By Doc Watson
Special to the Herald Times
MEEKER | After a tragic snowmobile accident on Jan. 8 left Rodney Dunham with a serious spinal cord injury, he has made amazing progress thanks to revolutionary therapy, according to his doctors and therapists.
Agreeing with the old adage that things can always be worse, Dunham is thankful that his injury was not as bad as it could have been. In one of the few times the word “incomplete” is a good thing, “incomplete paralysis” is the term used to describe partial damage to the spinal cord, which results in some motor and sensory function remaining. People with an incomplete injury might have feeling, but little or no movement.

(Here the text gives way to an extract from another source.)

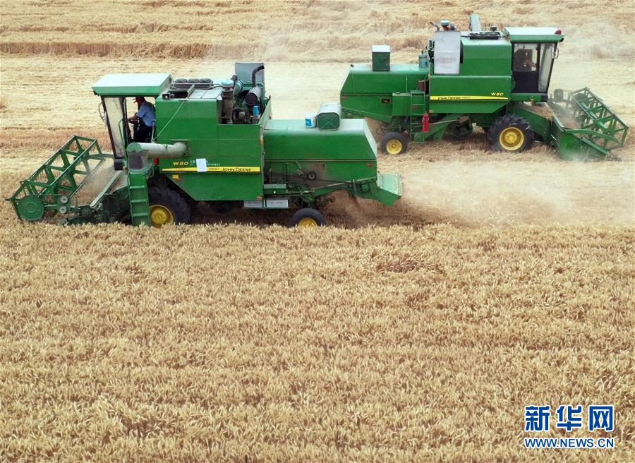 6月2日,在河南省黃泛區(qū)農(nóng)場九分場的麥田里,農(nóng)民操作大型收割機(jī)收獲小麥(無人機(jī)照片)。新華社記者李嘉南攝。

It was in the Craig Hospital in Denver—a world-renowned rehabilitation hospital that exclusively specializes in the neuro-rehabilitation and research of patients with spinal cord injury (SCI) and traumatic brain injury (TBI)—that Dunham received his innovative therapy.
It was also at Craig Hospital that Dunham’s therapists thought he would be a good candidate for the NRN (NeuroRecovery Network), which is a part of the Christopher and Dana Reeve Foundation. Actor/director/activist Christopher Reeve was rendered a quadriplegic in 1995 from an equestrian accident and started his foundation in 1998 to promote research on spinal cord injuries.
In addition to many different exercises, stretches, lifting weights and more, the primary therapy Dunham experienced was the TheraStride, a $100,000 ground-breaking weight-bearing rehab system. It combines a treadmill and support harness system with sophisticated computer software that measures variables of gait training, including: speed, weight supported, amount of time walked and amount of assistance needed while walking. This state-of-the-art machine helps patients learn how to walk again.
For Dunham the hardest part of his ordeal has been “depending upon other people most of the time. You can’t just get up and go and do what you want, be by yourself on a horse out in the woods.”
But something else he learned from his always positive, ever upbeat therapists was to be hopeful. He is now walking with the help of a walker and with crutches as well. We are hopeful with him that he will be back on a horse real soon.